┏━━

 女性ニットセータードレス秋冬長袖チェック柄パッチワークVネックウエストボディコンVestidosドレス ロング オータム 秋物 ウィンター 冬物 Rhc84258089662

┗━━
┏━━

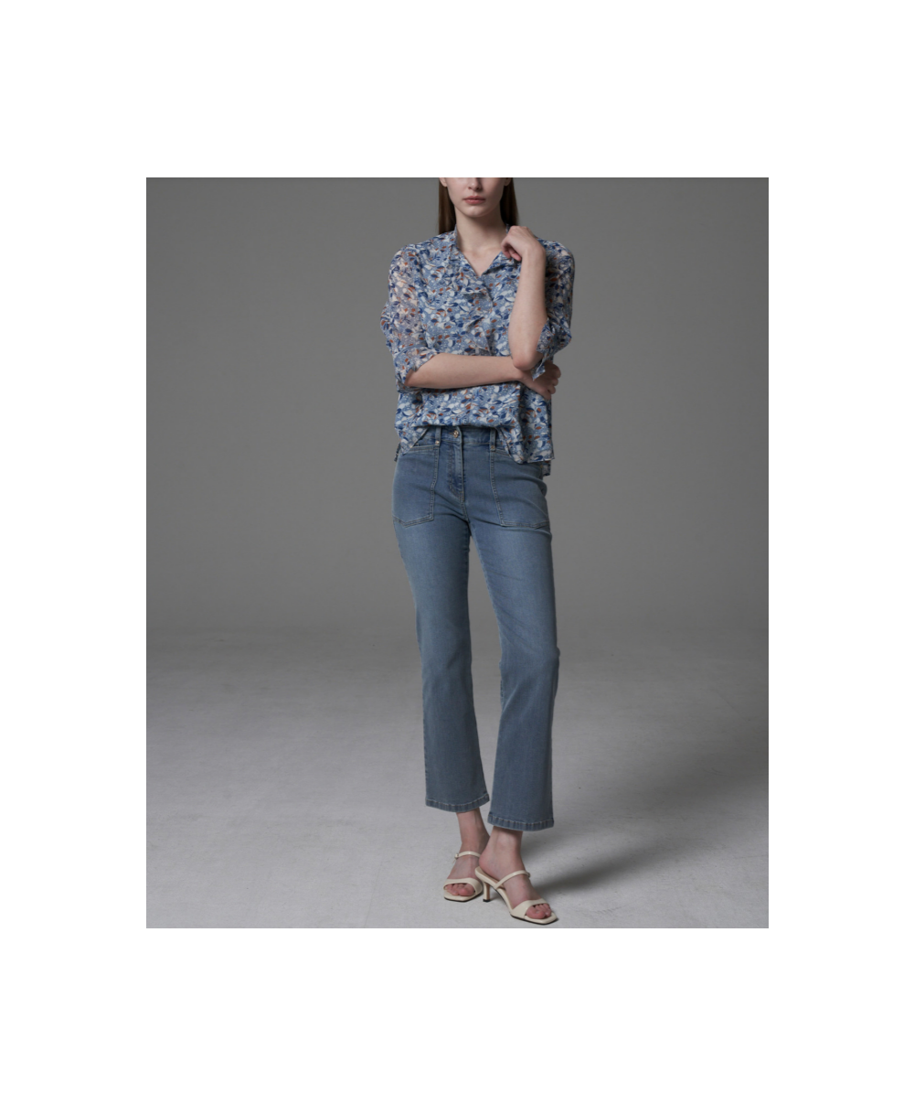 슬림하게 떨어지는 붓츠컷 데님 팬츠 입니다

┗━━
┏━━

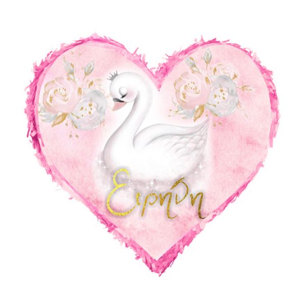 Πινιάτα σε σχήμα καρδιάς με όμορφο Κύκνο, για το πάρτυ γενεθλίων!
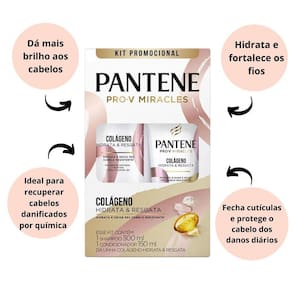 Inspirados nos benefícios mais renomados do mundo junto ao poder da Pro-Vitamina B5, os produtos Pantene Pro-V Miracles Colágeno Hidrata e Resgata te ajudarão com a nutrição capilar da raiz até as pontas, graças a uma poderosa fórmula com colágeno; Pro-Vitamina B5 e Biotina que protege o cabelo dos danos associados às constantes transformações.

┗━━

Your assignment
Copy exactly, without pictures, the lines above from the one with "Πινιάτα σε σχήμα" down to the one with "Inspirados nos benefícios", inclusive.

Output of the exercise
 Πινιάτα σε σχήμα καρδιάς με όμορφο Κύκνο, για το πάρτυ γενεθλίων!
 Inspirados nos benefícios mais renomados do mundo junto ao poder da Pro-Vitamina B5, os produtos Pantene Pro-V Miracles Colágeno Hidrata e Resgata te ajudarão com a nutrição capilar da raiz até as pontas, graças a uma poderosa fórmula com colágeno; Pro-Vitamina B5 e Biotina que protege o cabelo dos danos associados às constantes transformações.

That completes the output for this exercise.